*How to complete this task*
In the entries below, find the line with "34. Install the" and the line with "Сырный суп с шампиньонами и брокколи"; reproduce those two lines and all lines between them exactly, without pictures.

*Source data*
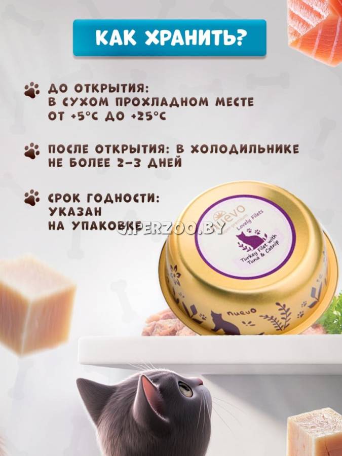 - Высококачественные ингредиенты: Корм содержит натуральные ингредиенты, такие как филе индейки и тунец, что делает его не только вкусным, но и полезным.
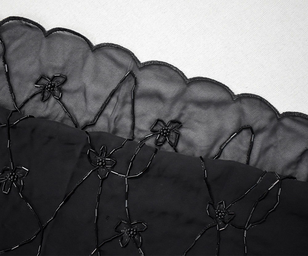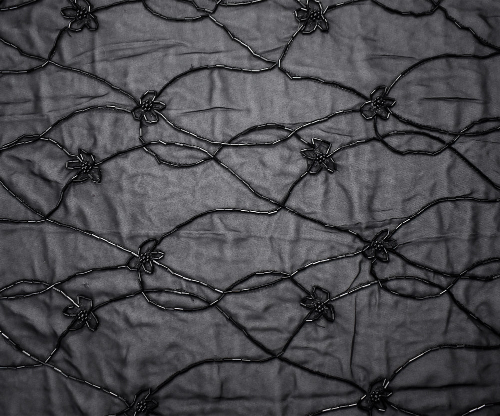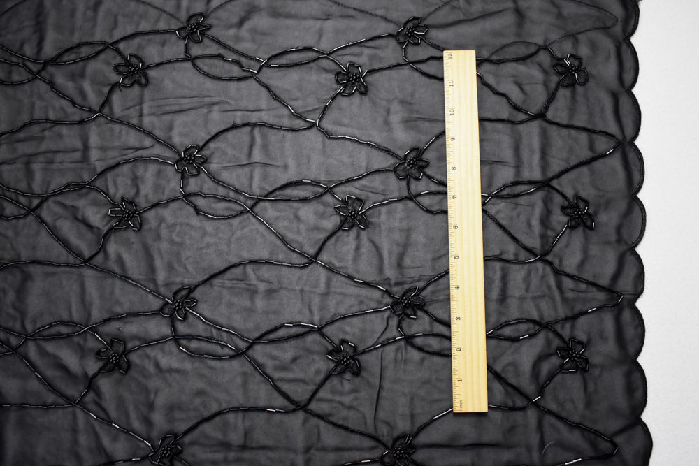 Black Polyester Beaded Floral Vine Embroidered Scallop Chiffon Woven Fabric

==

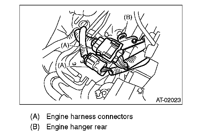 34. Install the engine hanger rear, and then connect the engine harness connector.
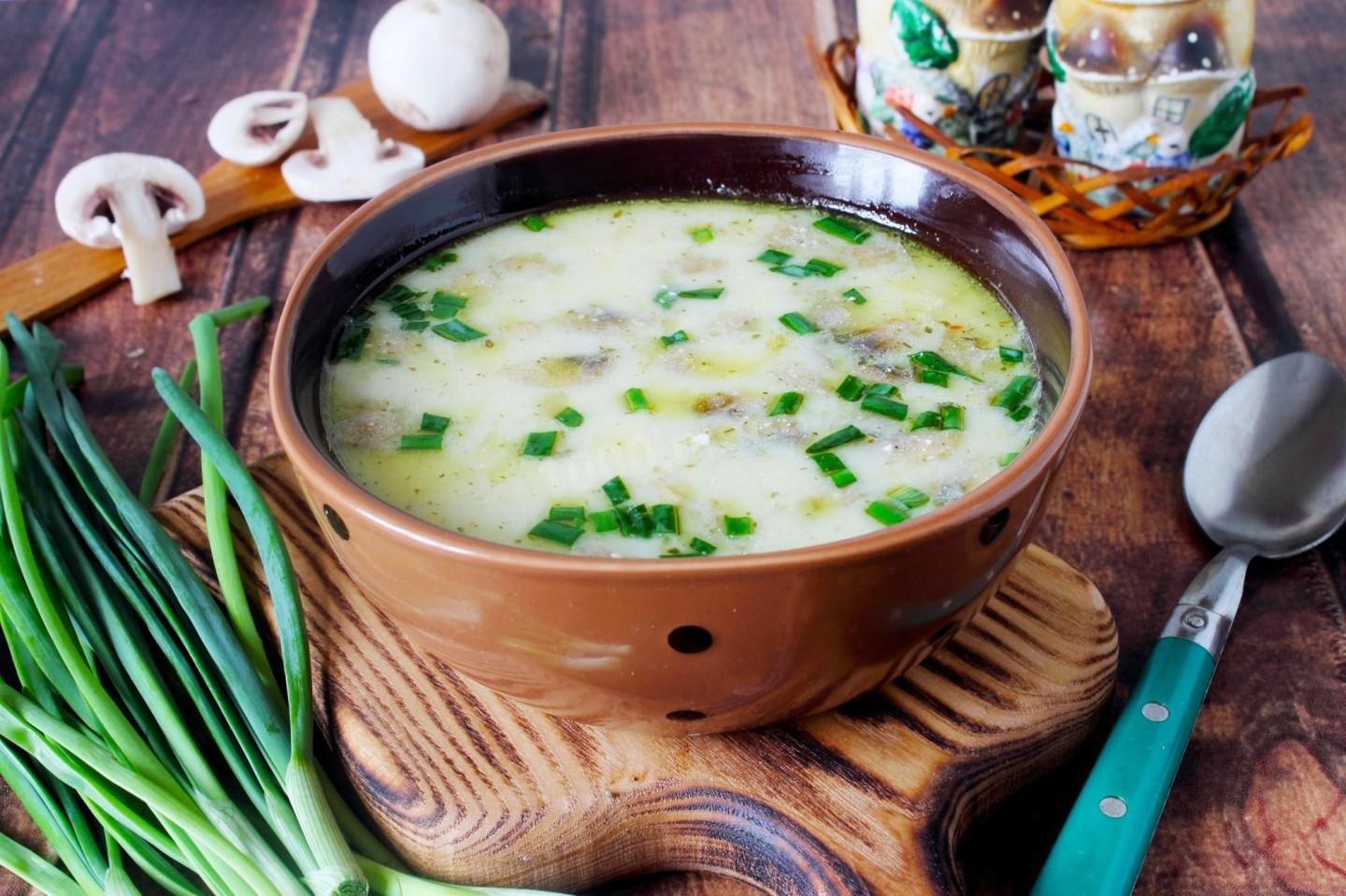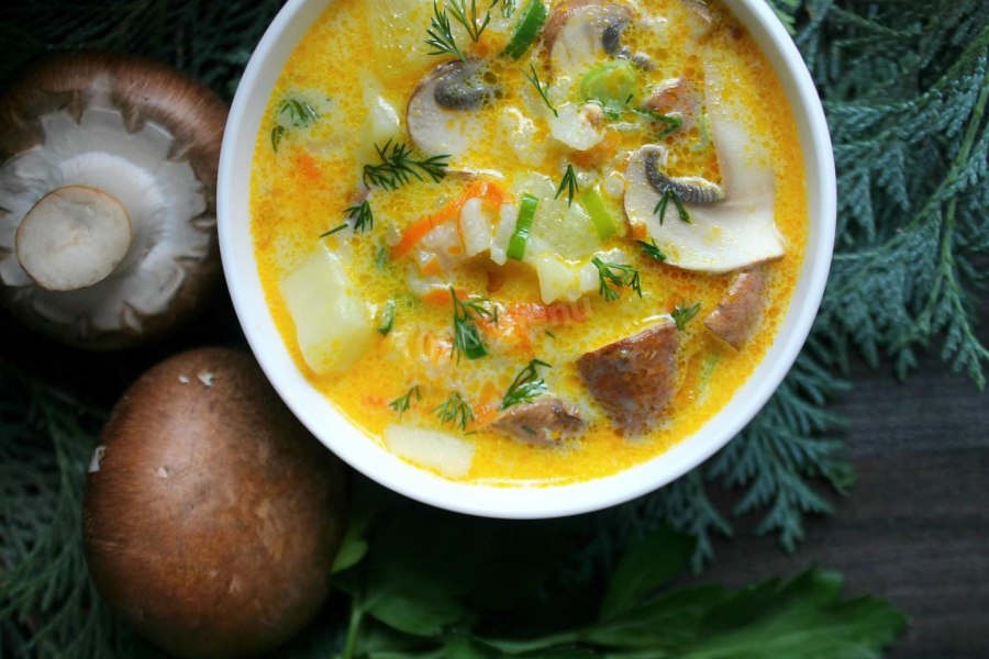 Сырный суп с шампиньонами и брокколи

...

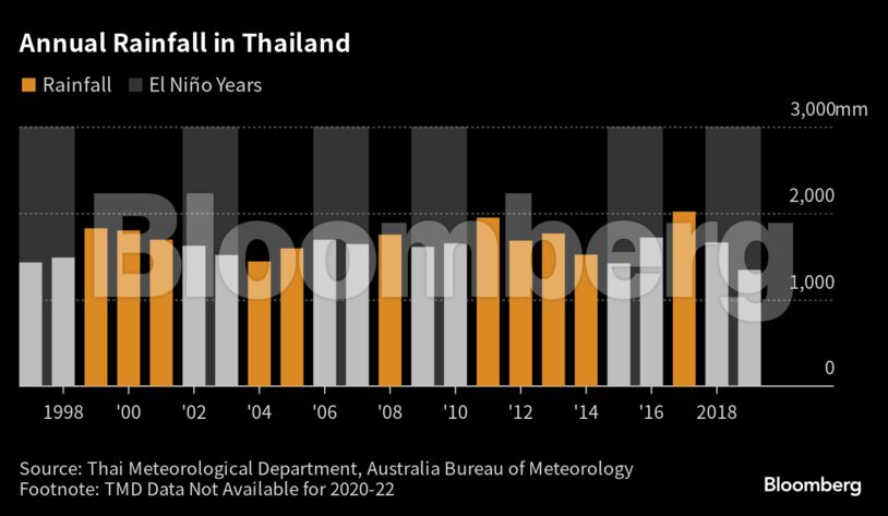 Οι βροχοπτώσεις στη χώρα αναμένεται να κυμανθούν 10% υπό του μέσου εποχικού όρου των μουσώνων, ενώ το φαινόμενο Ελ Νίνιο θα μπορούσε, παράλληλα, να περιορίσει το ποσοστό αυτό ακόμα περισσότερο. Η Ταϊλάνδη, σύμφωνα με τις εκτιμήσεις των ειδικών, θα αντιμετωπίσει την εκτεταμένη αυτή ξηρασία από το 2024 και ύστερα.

*Answer space*
 34. Install the engine hanger rear, and then connect the engine harness connector.
 Сырный суп с шампиньонами и брокколи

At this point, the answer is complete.